TASK ITEM:
Exact copy, no pictures: return all the data below as written.

SUPPLIED DATA:
--*--
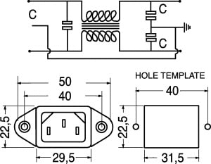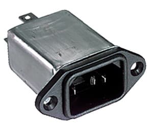 SPINA TRIPOLARE CON FILTRO RETE EMI/EMC. PORTATA:6 A - 250 V. CORRENTE Dl FUGA:5 µA. PROFONDITÀ:51,7 mm. CORPO:bachelite. CONTATTI:ottone nichelato. TERMINALI:faston 6,35.
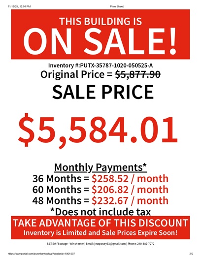 ![]() OR email: Tom@kmpsheds.com | ||
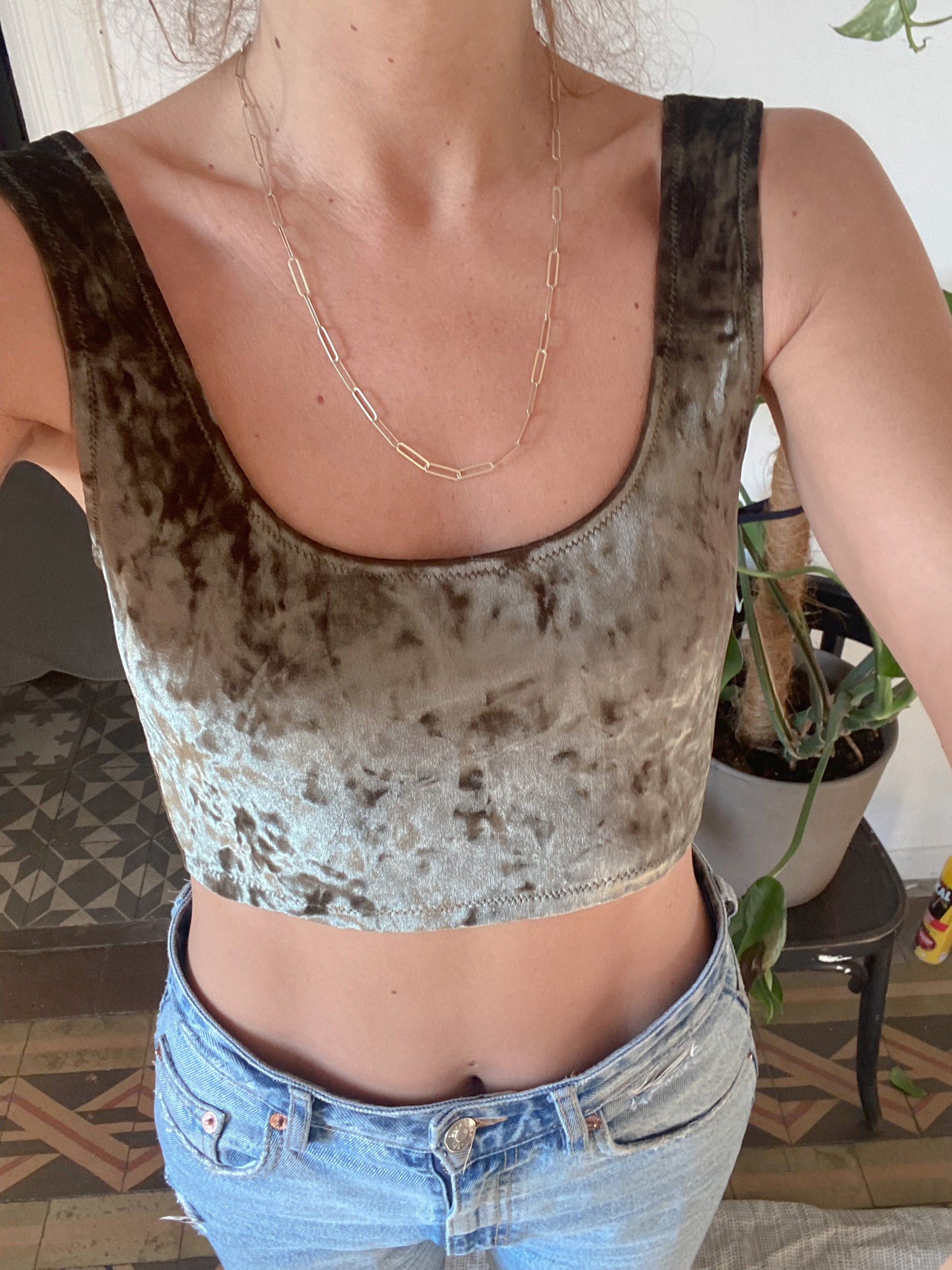 Our sport-inspired crop top, now in velvet, is designed to keep you comfortable while adding a touch of elegance, it’s perfect for anything from a day at the beach to a casual night out with your favorite jeans.
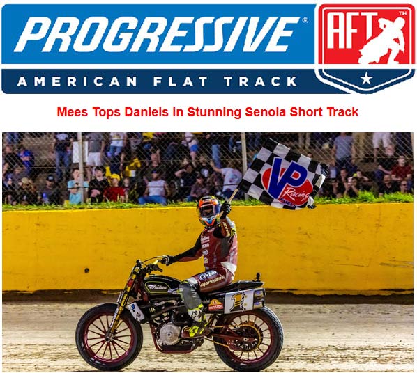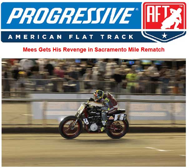 Sacramento, California. Those bragging rights were brought into question after Mees was outscored 2-1 in Mission SuperTwins presented by S&S Cycle Mile wins a year ago by then-rookie Dallas Daniels (No. 32 Estenson Racing Yamaha MT-07 DT). Their first Mile showdown of the season carried even greater significance than it otherwise would have with Daniels having arguably emerged the title favorite and leading reigning champion Mees in the points. The race went to script with the two separating at the front and settling into a one-on-one fight to the flag. Just past mid-distance, Mees railed around the corners with his helmet down in an attempt to break Daniels’ challenge. While unable to sink Daniels’ hopes completely, the ploy granted Mees a few tenths which he successfully guarded all the way to the end. The victory was the 24th Mile triumph of Mees’ illustrious career. That moves him ahead of Ricky Graham and into sole possession of fifth place on the all-time order and just one away from joining Bubba Shobert and Bryan Smith in a tie for third. The result also drew Mees a bit closer to the championship lead. That said, Daniels is not doing him any favors in that regard, extending his season-long streak of top-two finishes. The gap is now 20 points (159-139) as the two continue to distance themselves from the remainder of a talented pack of contenders. “I honestly was sweating coming into the Miles – last year I felt like we were a little down,” Mees admitted after earning his fifth-career Sacramento Mile win. “I didn’t know what to expect. But Kenny (Tolbert) worked really hard this winter to get us back some ponies, and Jimmy Wood really had that thing hooked up with the Öhlins suspension. I don’t think I’ve ever been that hooked up before. I could just go into the corner and mash the throttle. The Indian Motorcycle was phenomenal tonight.” Daniels’ teammate, JD Beach (No. 95 Estenson Racing Yamaha MT-07 DT), solidified his hold on third in the championship order with his third podium of the season. It only came about following a final-lap duel with Kolby Carlile (No. 36 G&G Racing/Yamaha Racing Yamaha MT-07), however, when Beach poked ahead by 0.021 seconds at the line. Brandon Robinson (No. 44 Mission Roof Systems Indian FTR750) and Davis Fisher (No. 67 Rackley Racing/Bob Lanphere’s BMC Racing Indian FTR750) each had a shot at the box on the final lap as well, ultimately finishing fractionally behind in fifth and sixth, respectively. Briar Bauman (No. 3 Parts Plus/Jacob Companies KTM 790 Duke) earned a lonely seventh, although that description fails to adequately express the contour of his race. Bauman actually led more than once early in the contest before running wide on the powerful-yet-brutish KTM and dropping to fifth. He worked his way back up to third at one point before going off the groove again and fading out of podium contention. Bauman was followed home by his brother, Bronson Bauman (No. 37 Fastrack Racing/2 Wheelz KTM 790 Duke), while Ben Lowe (No. 25 Rackley Racing/Mission Foods Indian FTR750) and Jarod Vanderkooi (No. 20 JMC Motorsports/Fairway Ford Indian FTR750) completed the top ten. Parts Unlimited AFT Singles presented by KICKER Australian phenom Tom Drane (No. 59 Estenson Racing Yamaha YZ450F) scored his maiden Parts Unlimited AFT Singles presented by KICKER victory in breathtaking fashion in Sacramento. A huge early train of 450s connected to the front slowly whittled away as the race progressed. The battle for the win at last took its final shape with just over a minute remaining when three-time Sacramento Mile winner Trevor Brunner (No. 21 Estenson Racing Yamaha YZ450F) fell away from the lead group and into the clutches of a second group bursting with big names and title contenders. With Brunner out of the fight, the checkered flag was set to be decided between Drane, Trent Lowe (No. 48 American Honda/Mission Foods CRF450R), Chase Saathoff (No. 88 American Honda/Mission Foods CRF450R), and Chad Cose (No. 49 1st Impressions Race Team/Husqvarna Racing FC450). Lowe stormed past Drane as they opened the final lap, but the diminutive Aussie stormed back by on the back straight, confident he could out-run any and all slingshot attempts in the decisive drag race to the line. He was proven correct, albeit only by just 0.005 seconds over Lowe and 0.036 seconds over Saathoff. Meanwhile, Cose finished just another 0.065 seconds back yet found himself left off the podium altogether. Drane came into the season with serious hype and had endured something of a quiet start to the year when judged based on those lofty expectations. However, tonight’s victory put everything back in its proper perspective. Ultimately, the Estenson Racing Yamaha prodigy earned his first win just a month after turning 17 and competing in what was just his eighth Progressive AFT Main Event. Perhaps even more remarkably, it was the first Main Event at a Mile in Drane’s career. He said, “I just can’t thank the team enough for all the work they do, all the hours. It’s amazing. This has boosted my confidence heaps, showing I can do it. I’m so happy.” Fifth went to Dalton Gauthier (No. 79 D&D Racing/Certified KTM 450 SX-F), who clawed his way up from outside the top ten after earning his slot on the grid via the LCQ. He placed Brunner between himself and his primary title rivals in the process. Max Whale (No. 18 Red Bull KTM Factory Racing 450 SX-F) crossed the stripe in seventh, followed by Sacramento Mile legend Shayna Texter-Bauman (No. 52 Parts Plus/Jacob Companies KTM 450 SX-F) and the impressive Travis Petton IV (No. 82 ECG Racing/3 Bros KTM 450 SX-F). The final position in the top ten went to defending class champ Kody Kopp (No. 1 Red Bull KTM Factory Racing 450 SX-F). Despite the uncharacteristic result, Kopp continues to lead in the standings with 137 points. Gauthier closed to within 14 points at 123, while Whale and Saathoff are now tied for third a
--*--
YOUR SOLUTION:
 SPINA TRIPOLARE CON FILTRO RETE EMI/EMC. PORTATA:6 A - 250 V. CORRENTE Dl FUGA:5 µA. PROFONDITÀ:51,7 mm. CORPO:bachelite. CONTATTI:ottone nichelato. TERMINALI:faston 6,35.
 ![]() OR email: Tom@kmpsheds.com | ||
 Our sport-inspired crop top, now in velvet, is designed to keep you comfortable while adding a touch of elegance, it’s perfect for anything from a day at the beach to a casual night out with your favorite jeans.
 Sacramento, California. Those bragging rights were brought into question after Mees was outscored 2-1 in Mission SuperTwins presented by S&S Cycle Mile wins a year ago by then-rookie Dallas Daniels (No. 32 Estenson Racing Yamaha MT-07 DT). Their first Mile showdown of the season carried even greater significance than it otherwise would have with Daniels having arguably emerged the title favorite and leading reigning champion Mees in the points. The race went to script with the two separating at the front and settling into a one-on-one fight to the flag. Just past mid-distance, Mees railed around the corners with his helmet down in an attempt to break Daniels’ challenge. While unable to sink Daniels’ hopes completely, the ploy granted Mees a few tenths which he successfully guarded all the way to the end. The victory was the 24th Mile triumph of Mees’ illustrious career. That moves him ahead of Ricky Graham and into sole possession of fifth place on the all-time order and just one away from joining Bubba Shobert and Bryan Smith in a tie for third. The result also drew Mees a bit closer to the championship lead. That said, Daniels is not doing him any favors in that regard, extending his season-long streak of top-two finishes. The gap is now 20 points (159-139) as the two continue to distance themselves from the remainder of a talented pack of contenders. “I honestly was sweating coming into the Miles – last year I felt like we were a little down,” Mees admitted after earning his fifth-career Sacramento Mile win. “I didn’t know what to expect. But Kenny (Tolbert) worked really hard this winter to get us back some ponies, and Jimmy Wood really had that thing hooked up with the Öhlins suspension. I don’t think I’ve ever been that hooked up before. I could just go into the corner and mash the throttle. The Indian Motorcycle was phenomenal tonight.” Daniels’ teammate, JD Beach (No. 95 Estenson Racing Yamaha MT-07 DT), solidified his hold on third in the championship order with his third podium of the season. It only came about following a final-lap duel with Kolby Carlile (No. 36 G&G Racing/Yamaha Racing Yamaha MT-07), however, when Beach poked ahead by 0.021 seconds at the line. Brandon Robinson (No. 44 Mission Roof Systems Indian FTR750) and Davis Fisher (No. 67 Rackley Racing/Bob Lanphere’s BMC Racing Indian FTR750) each had a shot at the box on the final lap as well, ultimately finishing fractionally behind in fifth and sixth, respectively. Briar Bauman (No. 3 Parts Plus/Jacob Companies KTM 790 Duke) earned a lonely seventh, although that description fails to adequately express the contour of his race. Bauman actually led more than once early in the contest before running wide on the powerful-yet-brutish KTM and dropping to fifth. He worked his way back up to third at one point before going off the groove again and fading out of podium contention. Bauman was followed home by his brother, Bronson Bauman (No. 37 Fastrack Racing/2 Wheelz KTM 790 Duke), while Ben Lowe (No. 25 Rackley Racing/Mission Foods Indian FTR750) and Jarod Vanderkooi (No. 20 JMC Motorsports/Fairway Ford Indian FTR750) completed the top ten. Parts Unlimited AFT Singles presented by KICKER Australian phenom Tom Drane (No. 59 Estenson Racing Yamaha YZ450F) scored his maiden Parts Unlimited AFT Singles presented by KICKER victory in breathtaking fashion in Sacramento. A huge early train of 450s connected to the front slowly whittled away as the race progressed. The battle for the win at last took its final shape with just over a minute remaining when three-time Sacramento Mile winner Trevor Brunner (No. 21 Estenson Racing Yamaha YZ450F) fell away from the lead group and into the clutches of a second group bursting with big names and title contenders. With Brunner out of the fight, the checkered flag was set to be decided between Drane, Trent Lowe (No. 48 American Honda/Mission Foods CRF450R), Chase Saathoff (No. 88 American Honda/Mission Foods CRF450R), and Chad Cose (No. 49 1st Impressions Race Team/Husqvarna Racing FC450). Lowe stormed past Drane as they opened the final lap, but the diminutive Aussie stormed back by on the back straight, confident he could out-run any and all slingshot attempts in the decisive drag race to the line. He was proven correct, albeit only by just 0.005 seconds over Lowe and 0.036 seconds over Saathoff. Meanwhile, Cose finished just another 0.065 seconds back yet found himself left off the podium altogether. Drane came into the season with serious hype and had endured something of a quiet start to the year when judged based on those lofty expectations. However, tonight’s victory put everything back in its proper perspective. Ultimately, the Estenson Racing Yamaha prodigy earned his first win just a month after turning 17 and competing in what was just his eighth Progressive AFT Main Event. Perhaps even more remarkably, it was the first Main Event at a Mile in Drane’s career. He said, “I just can’t thank the team enough for all the work they do, all the hours. It’s amazing. This has boosted my confidence heaps, showing I can do it. I’m so happy.” Fifth went to Dalton Gauthier (No. 79 D&D Racing/Certified KTM 450 SX-F), who clawed his way up from outside the top ten after earning his slot on the grid via the LCQ. He placed Brunner between himself and his primary title rivals in the process. Max Whale (No. 18 Red Bull KTM Factory Racing 450 SX-F) crossed the stripe in seventh, followed by Sacramento Mile legend Shayna Texter-Bauman (No. 52 Parts Plus/Jacob Companies KTM 450 SX-F) and the impressive Travis Petton IV (No. 82 ECG Racing/3 Bros KTM 450 SX-F). The final position in the top ten went to defending class champ Kody Kopp (No. 1 Red Bull KTM Factory Racing 450 SX-F). Despite the uncharacteristic result, Kopp continues to lead in the standings with 137 points. Gauthier closed to within 14 points at 123, while Whale and Saathoff are now tied for third a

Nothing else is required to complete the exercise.